I'd vote for option 3, which is the easiest right now and allows us to keep maintaining the code inside lychee. It's still reasonably well encapsuled in its own module and we can always make it a separate crate later once the code is mature enough. The downside is longer compile-times because it would be in the same codegen unit as the rest of the library code.

Detailed instructions for option 3 To merge the textfrag code directly into lychee-lib, here's what you could do:

  1. Move the textfrag code into lychee-lib, perhaps in a submodule like lychee-lib/src/textfrag/
  2. Remove textfrag from your workspace members in the root Cargo.toml
  3. Update any imports in lychee-lib to reference the new module location instead of the external crate

This approach has several benefits:

  • Simplifies your publishing process - no need to maintain and publish a separate crate
  • Makes it clear that this is internal implementation code
  • Gives you more flexibility to change the code without worrying about breaking other potential users

Let me know what you think.

@mre I understand and agree with your recommendation - I am addressing this and, as well, the other review comments and republish for review - thanks for your patience!

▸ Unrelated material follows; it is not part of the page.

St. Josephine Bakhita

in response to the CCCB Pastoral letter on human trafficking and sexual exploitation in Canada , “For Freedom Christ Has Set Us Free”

thiru-appitap avatar Feb 15 '25 01:02 thiru-appitap

@thiru-appitap, I saw that you did some work. Can you close the resolved conversations already? It becomes a bit hard to keep track of the open TODOs. 😉 Also, did you use the "commit suggestion" feature from GitHub? For some of the changes, I made suggestions, which are easy to merge with a single click. This way, changes should be much easier to handle on your end. Of course, you have to git pull the changes locally to be up-to-date.

mre avatar Feb 20 '25 09:02 mre

@thiru-appitap, I saw that you did some work. Can you close the resolved conversations already? It becomes a bit hard to keep track of the open TODOs. 😉 Also, did you use the "commit suggestion" feature from GitHub? For some of the changes, I made suggestions, which are easy to merge with a single click. This way, changes should be much easier to handle on your end. Of course, you have to git pull the changes locally to be up-to-date.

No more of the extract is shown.